Start of Data below

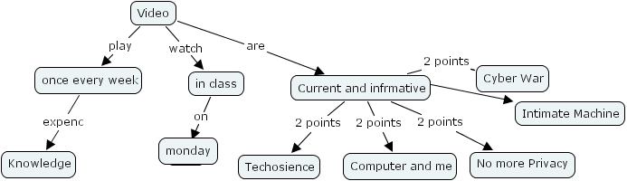 videos, current and infrmative, in class, once every week, video, ????, cyber war, techosience, knowledge, monday, no more privacy, intimate machine, computer and me
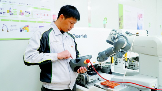 王新福,歌尔股份有限公司设备装调技师。20多年来,他深耕一线、刻苦钻研,从一名普通技能钳工,逐步成长为新产业赛道的领军工匠和专家型技能人才。
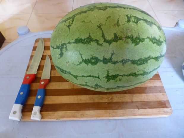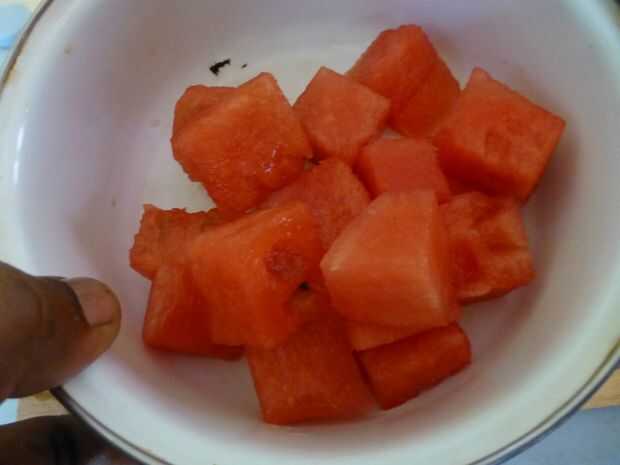 Lo que necesita es una tabla de cortar, un cuchillo, un recipiente para almacenar las piezas y por supuesto una sandía.

End of Data below

Your output should consist solely of the lines from the line containing "王新福,歌尔股份有限公司设备" through the end of the data above, copied exactly, with images removed.

— Completed task —
 王新福,歌尔股份有限公司设备装调技师。20多年来,他深耕一线、刻苦钻研,从一名普通技能钳工,逐步成长为新产业赛道的领军工匠和专家型技能人才。
 Lo que necesita es una tabla de cortar, un cuchillo, un recipiente para almacenar las piezas y por supuesto una sandía.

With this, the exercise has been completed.